Instead, “Max Payne” is just a straight-up action picture, and a rather bombastic, familiar one at that.

Director John Moore (“Behind Enemy Lines”) rips off John Woo with endless, hyperstylized shootouts, all in slow motion with shattered glass showering everything in a million little pieces. All that’s missing are the strategically placed doves.

That’s not all that’s coming down, though: It seems to rain or snow constantly in the movie’s darkly gothic vision of New York, an attempt at emulating classic noir style. Some of the lighting, shadows and camera angles at the beginning are sufficiently evocative of the genre, but after a while it all feels dreary and smothering. Then again, “Max Payne” the video game was inspired by film noir, and has now, in turn, inspired a movie of its own. It’s so meta.

Mark Wahlberg looks like he’s in perpetual agony as the title character, an NYPD detective still searching for the killers of his wife and infant son years later. The return to action isn’t a horrible fit for Wahlberg, but after his Oscar-nominated performance in “The Departed” and his behind-the-scenes work with the hugely successful “Entourage,” he doesn’t need this kind of dopey gig anymore.

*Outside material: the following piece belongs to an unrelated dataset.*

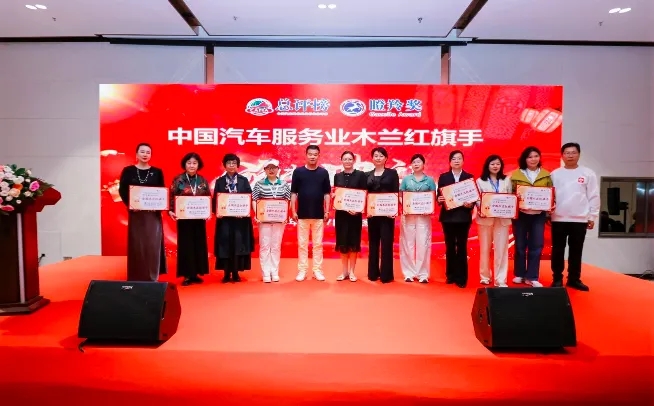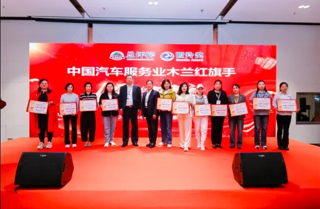 中汽聯(lián)執(zhí)行會長、中汽協(xié)汽車技術(shù)研究院院長喬永鋒和上海京滬投資有限公司董事長鐘建平為全國木蘭紅旗手頒發(fā)證書

“I don’t believe in heaven,” Max says in the opening voiceover as he’s about to drown in an icy river. “I believe in pain. I believe in fear. I believe in death.” He doesn’t exactly lighten up — or develop much as a character — from there.

Max teams up with Russian mob assassin Mona Sax (Mila Kunis), whose sister (new Bond Girl Olga Kurylenko) was killed in a way that may tie her to Max’s family. Kunis is incredibly sexy with her luxurious, dark hair and knee-high black boots, but it’s impossible to take her seriously as a machine gun-toting enforcer. When she screams at Max in a dark alleyway, “Kneel the (expletive) down!” it sounds like her “Family Guy” character, Meg, yelling at younger brother Chris for embarrassing her at the mall.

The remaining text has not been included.